Court OKs Setoff for Payment Municipality Made to Officer

January 23, 2024 / News / Writing and Speaking

By Don R. Sampen, published, Chicago Daily Law Bulletin, January 23, 2024

Over dissent, the 1st District Appellate Court recently held that an automobile policy’s uninsured motorist provision requiring a reduction in benefits for compensation paid to the insured “under” certain laws applied to compensation paid to a police officer pursuant to the City of Chicago’s collective bargaining agreement with the police union.

The case is State Farm Mutual Automobile Insurance Co. v. Arroyo, 2023 IL App (1st) 221057 (Dec. 11). The insurer, State Farm, was represented by Taylor Miller LLC of Chicago. Kennedy Watkins LLC represented the police officer, Richard Arroyo.

Arroyo was injured in an on-duty motor vehicle accident caused by an uninsured motorist. The city of Chicago paid more than $68,000 to his medical providers pursuant to the city’s collective bargaining agreement with the Fraternal Order of Police.

Arroyo made a claim for uninsured motorist benefits under his personal automobile policy with State Farm. The policy provided UM benefits of up to $100,000 per person subject, however, to a setoff provision. That provision required a reduction in benefits for any amount paid the insured “under” various laws, including any workers’ compensation law, pension code, municipal ordinance and disability benefits law.

In response to his claim, State Farm filed the instant declaratory action seeking to reduce the UM coverage by the amount paid by the city. Arroyo counterclaimed, and the trial court granted State Farm’s motion for summary judgment. This appeal followed.

Analysis

In an opinion by Justice Mary Ellen Coghlan, the 1st District affirmed. She observed initially that Chicago’s Municipal Code, section 2-32-1500, authorized the city’s comptroller to pay reasonable medical expenses for police personnel sustaining injuries on the job. That authority was granted pursuant to the Illinois Pension Code, 40 ILCS 5/22-306.

Arroyo argued, however, that while these provisions “authorized” medical payments by the city, the payments did not arise “under” them because they did not mandate payment. Rather, according to Arroyo, the city’s obligation to pay arose only “under” the collective bargaining agreement, which was not referenced in the setoff provision.

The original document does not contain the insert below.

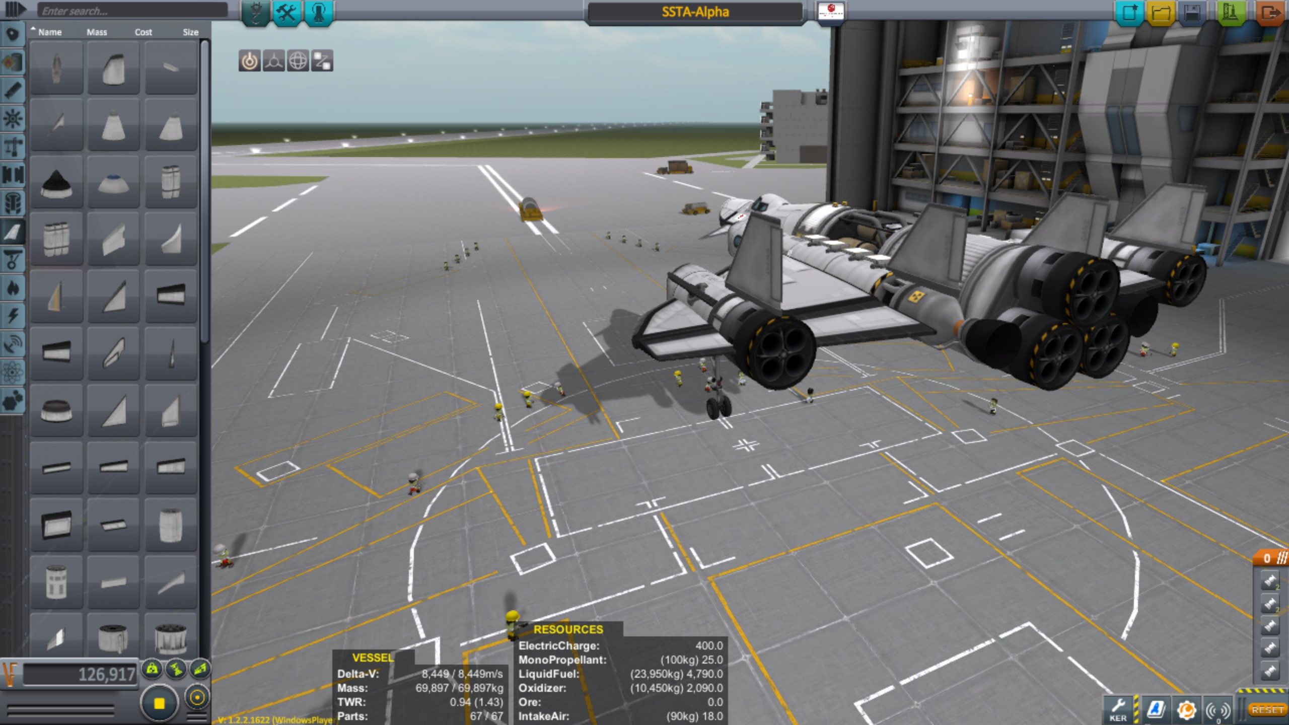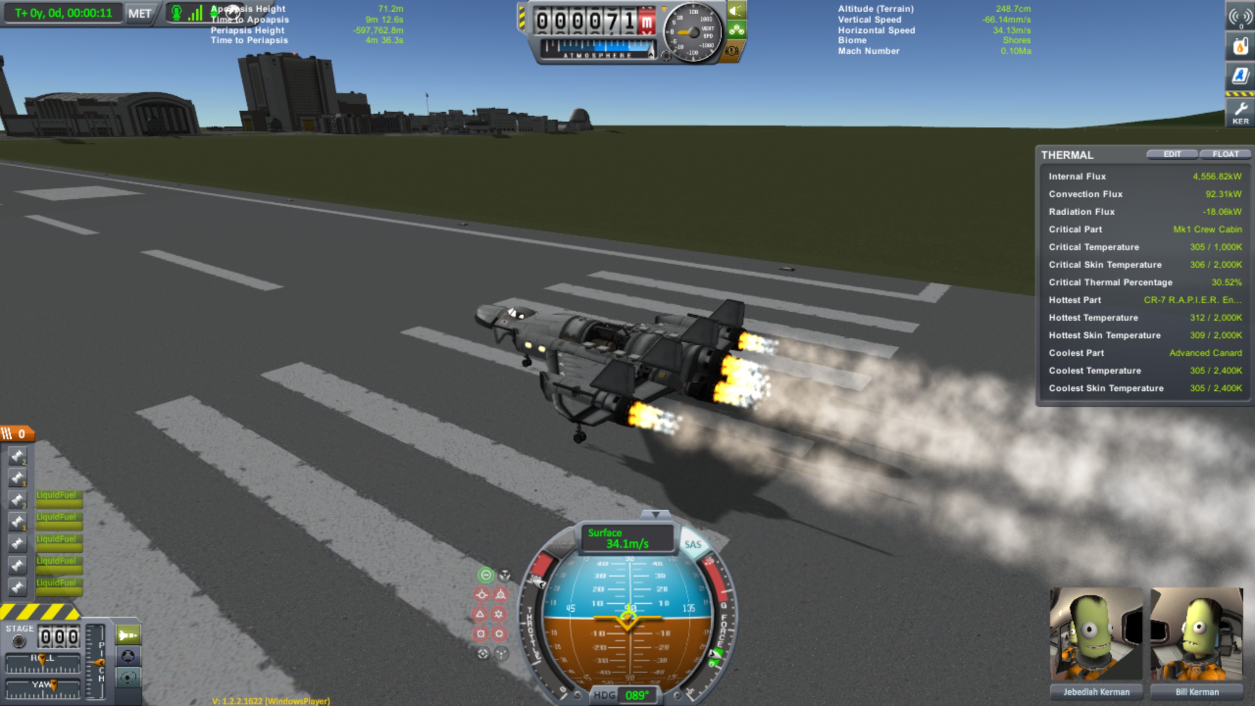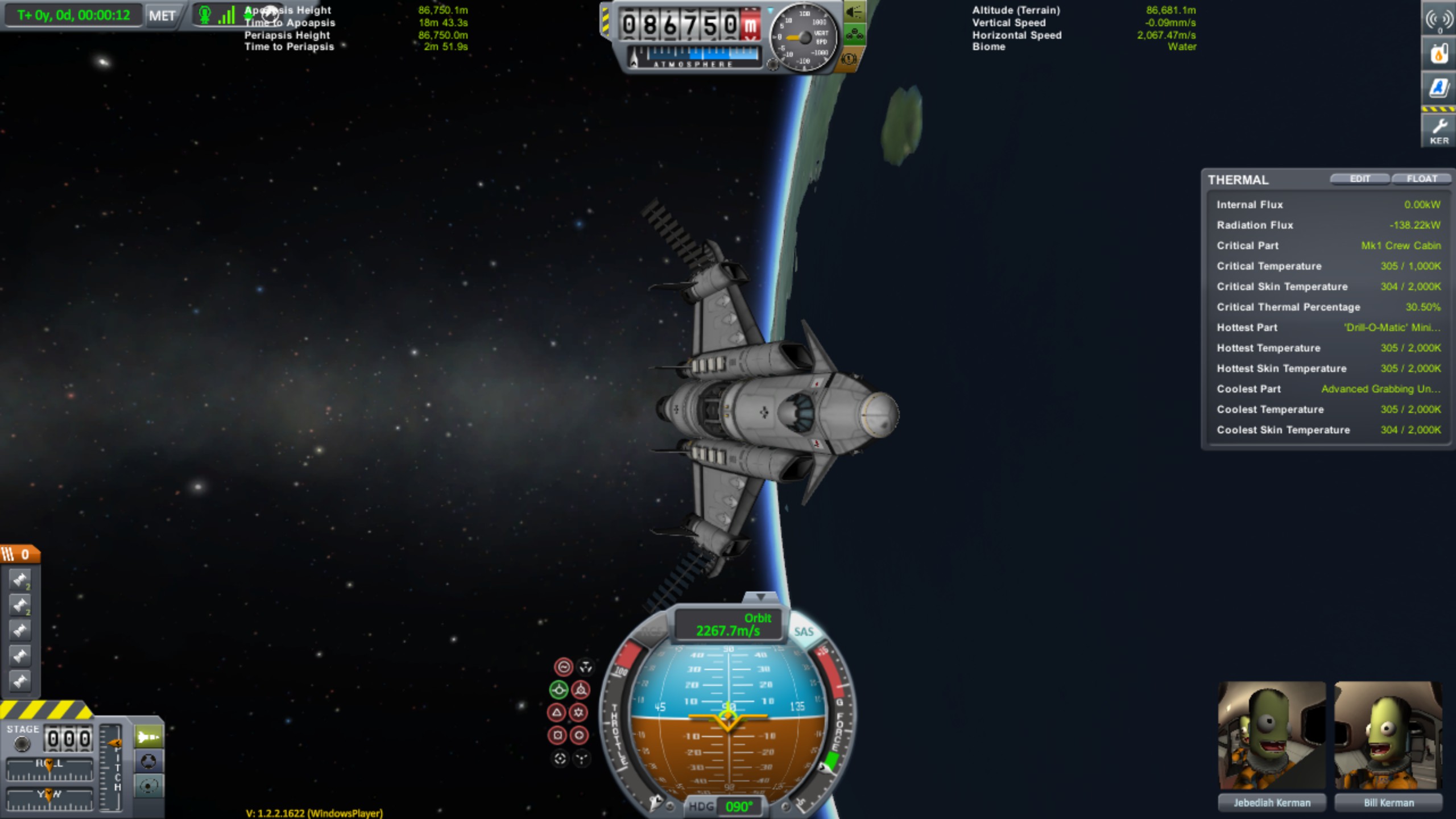 • Für die Screenshots wurde gecheatet, bin aber im Test auf einen 114x123 Orbit gekommen. Die Screenshots standen unter Zeitdruck, weil ich während des Test Aerodynamic Forces und Temparature Overlay aktiviert hatte und keine Screenshots erstellen konnte.

Coghlan then turned to a dictionary definition of “under” which, she wrote, essentially meant “subject to the authority of.” She reasoned that the collective bargaining obligation to pay was agreed to by the city “subject to the authority of” the Chicago Municipal Code and Illinois Pension Code. The setoff therefore should apply. She also rejected Arroyo’s argument that the term “under” required that the payments be legally mandated.

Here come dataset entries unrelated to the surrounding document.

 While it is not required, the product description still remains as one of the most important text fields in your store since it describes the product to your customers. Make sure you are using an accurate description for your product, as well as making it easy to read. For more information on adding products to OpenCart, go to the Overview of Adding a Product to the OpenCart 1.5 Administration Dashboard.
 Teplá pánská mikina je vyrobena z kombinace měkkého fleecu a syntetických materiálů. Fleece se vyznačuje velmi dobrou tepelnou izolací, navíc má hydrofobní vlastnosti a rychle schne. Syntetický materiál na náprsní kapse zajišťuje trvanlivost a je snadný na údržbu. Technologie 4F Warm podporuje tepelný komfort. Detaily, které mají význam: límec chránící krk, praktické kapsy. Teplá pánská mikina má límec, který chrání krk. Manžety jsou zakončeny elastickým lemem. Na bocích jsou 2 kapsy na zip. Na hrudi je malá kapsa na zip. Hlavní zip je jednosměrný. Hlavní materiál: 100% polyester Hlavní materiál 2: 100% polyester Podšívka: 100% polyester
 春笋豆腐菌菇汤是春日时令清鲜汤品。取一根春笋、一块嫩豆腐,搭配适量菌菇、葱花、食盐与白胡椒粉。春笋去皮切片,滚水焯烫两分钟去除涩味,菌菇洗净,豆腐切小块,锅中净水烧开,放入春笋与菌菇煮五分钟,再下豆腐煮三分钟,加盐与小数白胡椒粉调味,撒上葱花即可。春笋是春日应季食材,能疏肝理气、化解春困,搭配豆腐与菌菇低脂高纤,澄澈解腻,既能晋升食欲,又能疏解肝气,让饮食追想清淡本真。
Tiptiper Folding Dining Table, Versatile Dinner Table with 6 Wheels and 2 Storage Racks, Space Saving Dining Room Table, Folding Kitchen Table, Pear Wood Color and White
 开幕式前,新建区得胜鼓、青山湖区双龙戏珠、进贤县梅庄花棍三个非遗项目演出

In further support, Coghlan cited Gillen v. State Farm Mutual Automobile Insurance Co., 215 Ill. 2d 381 (2005). That case involved an earlier version of the State Farm UM policy’s setoff provision. The Supreme Court there found that State Farm was not entitled to a setoff for UM benefits paid to a firefighter because the provision made no reference to the Pension Code.

In so holding, Coghlan viewed the Supreme Court as clarifying that the medical payments in question were “made in accordance with the Pension Code.” And thereafter State Farm amended its policy to include the Pension Code as part of the setoff provision.

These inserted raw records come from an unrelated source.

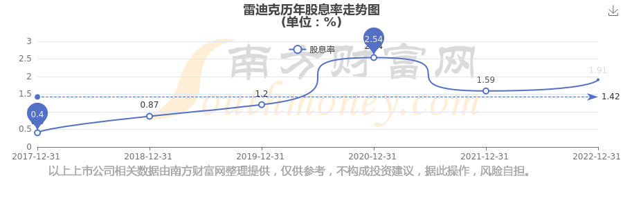 雷迪克最新一次公布的分紅方案為10派4元。本次權益分派股權登記日為2023年5月29日,除權除息日為2023年5月30日,派息日為2023年5月30日。
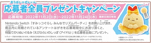 また,本作の発売を記念して,ゲームに登場するアイドルコスチュームの「えびふらいのしっぽ」の“てのりぬいぐるみ”を,応募者全員がもらえるプレゼントキャンペーンも実施される予定だ。詳細は,以下のリリース文で確認してほしい。
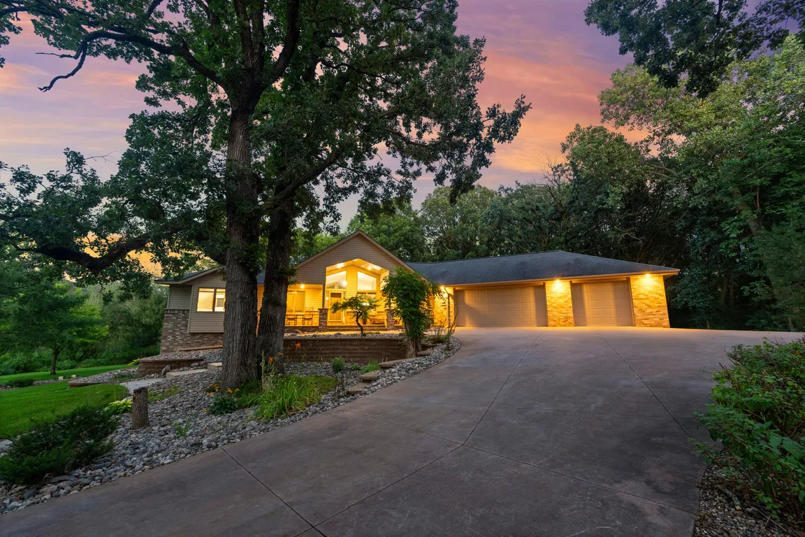 Custom walkout rambler on a private 5+ acre retreat with incredible garage space! Tucked away on 5 wooded acres with wetland views, this stunning custom walkout rambler offers privacy, luxury, and unparalleled garage space. A long concrete driveway with extra parking leads to a beautifully landscaped property. The exterior features stamped ...
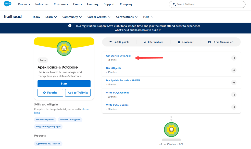Navigate to the following trailhead module: Salesforce Apex Logic & Data Manipulation

The 1st District therefore affirmed in favor of State Farm.

Justice Aurelia Pucinski dissented, arguing that no one had contended that the medical payments came from the city’s pension fund; there was no evidence that the city’s comptroller established a fund for payment; and the collective bargaining agreement is not a law.

Key Point

An uninsured motorist payment provision requiring a setoff for medical payments to the insured made “under” a pension code, municipal ordinance or similar law does not require that the payment be “mandated” by such law.